HIR lowers away much syntactic sugar and becomes a better substrate for type checking.
Trait solving and type checking operate on this more semantic form.
MIR makes control flow, temporaries, and drops explicit.
Borrow checking and many mid-level optimizations operate on MIR.
Monomorphization creates concrete instantiations of generic code.
LLVM handles low-level optimization and machine-code emission.

The invariant is:

ownership, typing, and dispatch semantics must become explicit enough before the compiler can check or optimize them soundly.

The flagship tour: follow three lines of code through every representation the compiler builds on the way to machine code.

Interactive simulation (requires JavaScript): a for loop traced through the full rustc pipeline — token stream, AST, HIR desugaring with type checking, MIR control-flow graph where the borrow checker runs, LLVM IR optimization, and the final linked binary.

## Step 6 - Three-Level Explanation

The compiler does not check your program only as written. It gradually turns your code into simpler internal forms that are easier to analyze.

HIR matters because it is where a lot of semantic reasoning becomes clearer after desugaring.

MIR matters because:

control flow is explicit
drops are explicit
temporary lifetimes are clearer
borrow checking is more precise there than on raw syntax

Monomorphization matters because it explains why generic code is fast but can grow compile time and binary size.

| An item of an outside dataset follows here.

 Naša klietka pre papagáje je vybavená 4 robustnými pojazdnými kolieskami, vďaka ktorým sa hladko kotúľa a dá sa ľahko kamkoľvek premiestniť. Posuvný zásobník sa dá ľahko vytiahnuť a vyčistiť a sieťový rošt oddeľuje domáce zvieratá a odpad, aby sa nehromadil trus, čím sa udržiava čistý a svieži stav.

The pipeline is also a design boundary system:

macro system before semantic analysis
HIR for language-level meaning
MIR for ownership/control-flow reasoning
backend IR for machine-level optimization

This separation lets Rust pursue strong source-level guarantees without forcing the backend to reconstruct ownership and borrow semantics from machine-ish code.

HIR, MIR, and Borrow Checking

HIR is where many surface conveniences have already been normalized.

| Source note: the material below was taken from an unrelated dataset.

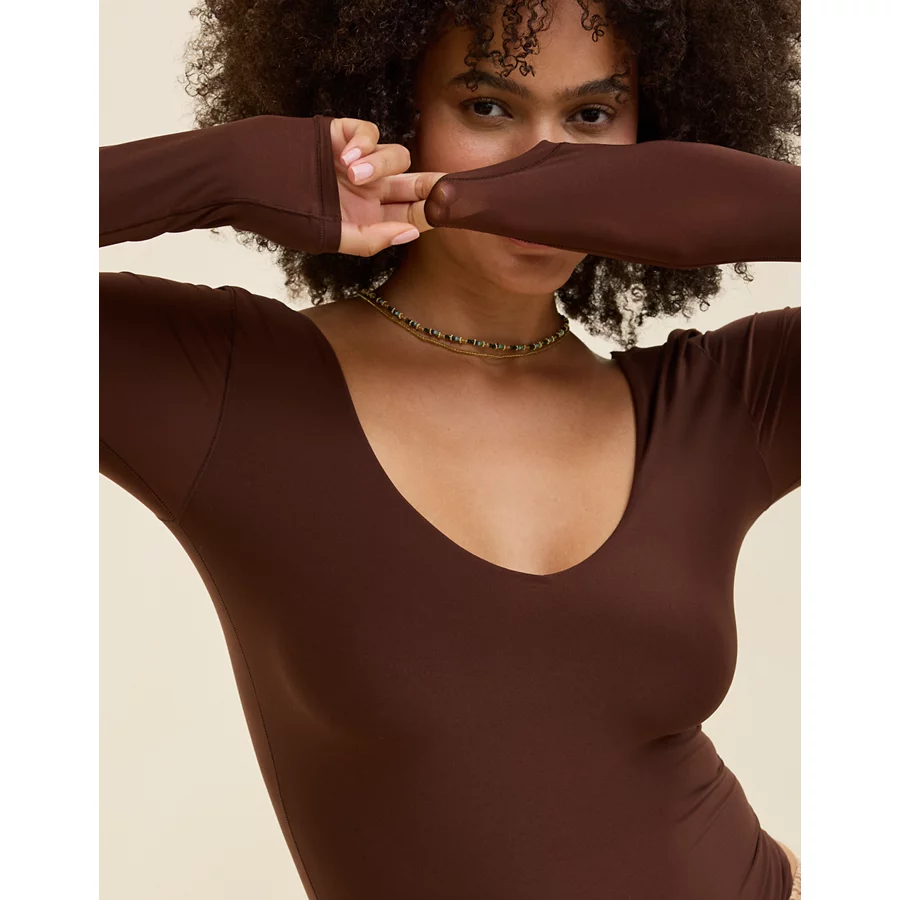 SMOOTHEZ Long Sleeve Plunge Bodysuit – Canyon Sun

MIR is closer to a control-flow graph with explicit temporaries, assignments, and drops. That is why borrow checking happens there: the compiler can see where values are live, where borrows start and end, and how control flow really branches.

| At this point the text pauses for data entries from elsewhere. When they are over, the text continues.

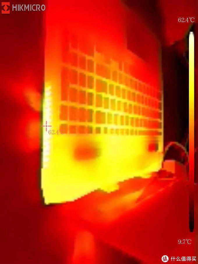 侧面出风口温度62.4度,散热效率较高,温度被快速排出机身。
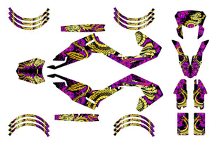 Da a tu Aprilia RX 50cc (2018-2025) un aspecto feroz con el kit pegatinas Dragon, una creación original de ArmySCTV. Inspirado por la potencia y la agresividad, este diseño único está pensado para pilotos que quieren un estilo impactante e inolvidable.
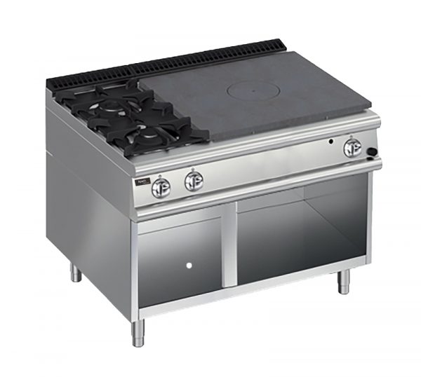 Apach Chef Line LRSTG127R2SXOS представляет собой профессиональную газовую плиту. Модель подходит для оборудования пунктов общественного питания, пищевых производств, торговых точек. На комбинированной варочной поверхности располагаются две классические газовые горелки и зона концентрического нагрева. Общая мощность равна 22,5 кВт. В нижней части располагается два открытых отсека для хранения, где можно сложить используемую посуду и инвентарь.
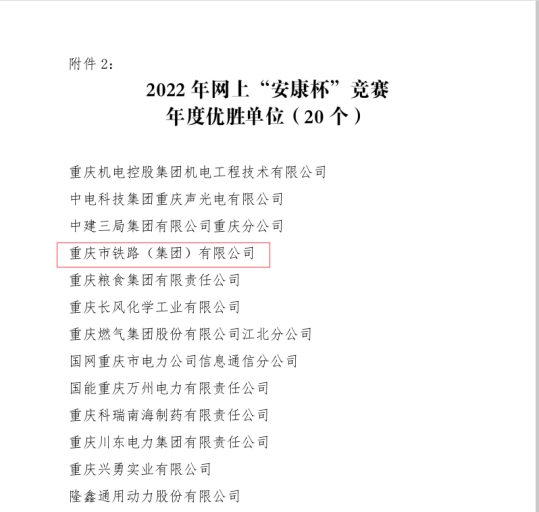 重慶市鐵路集團(tuán)榮獲“優(yōu)秀集體”

This is also why some borrow-checker errors make more sense once you imagine the desugared form rather than the prettified source.

Trait Solving

Trait solving answers questions like:

which method implementation applies here?
does this type satisfy the required bound?
which associated type flows from this impl?

This is deeper than method lookup in many OO languages because traits interact with generics, blanket impls, associated types, and coherence.

For the handbook reader, the important point is not every internal algorithm detail. It is:

many “trait bound not satisfied” errors are the surface symptom of the compiler failing to prove a capability relationship in the current type environment.

Monomorphization and LLVM

Monomorphization turns:

#![allow(unused)]
fn main() {
fn max<T: Ord>(a: T, b: T) -> T { ... }
}

into concrete instances like:

max_i32
max_String

That is why generics can be zero-cost at runtime.

LLVM then optimizes the resulting concrete IR and emits machine code. Rust hands LLVM low-level work, but not the job of rediscovering Rust’s ownership or lifetime story. Those semantics were handled earlier.

Incremental Compilation

Large Rust builds would be intolerable without reuse. Incremental compilation lets the compiler avoid rebuilding every query result from scratch when only some inputs changed.

For practitioners, the practical takeaway is simple:

architectural boundaries matter for compile times too
generic-heavy and macro-heavy designs can shift compilation cost significantly

Step 7 - Common Misconceptions

Wrong model 1: “Borrow checking operates directly on my source text.”

Correction: it works on MIR after substantial lowering and explicit control-flow modeling.

Wrong model 2: “LLVM is responsible for all of Rust’s intelligence.”

Correction: LLVM is crucial for low-level optimization, but Rust’s safety and ownership reasoning happens earlier.

Wrong model 3: “Generics are fast because LLVM is magical.”

Correction: monomorphization gives LLVM concrete code to optimize.

Wrong model 4: “HIR and MIR are too internal to matter.”

Correction: understanding them makes compiler diagnostics and language behavior far more legible.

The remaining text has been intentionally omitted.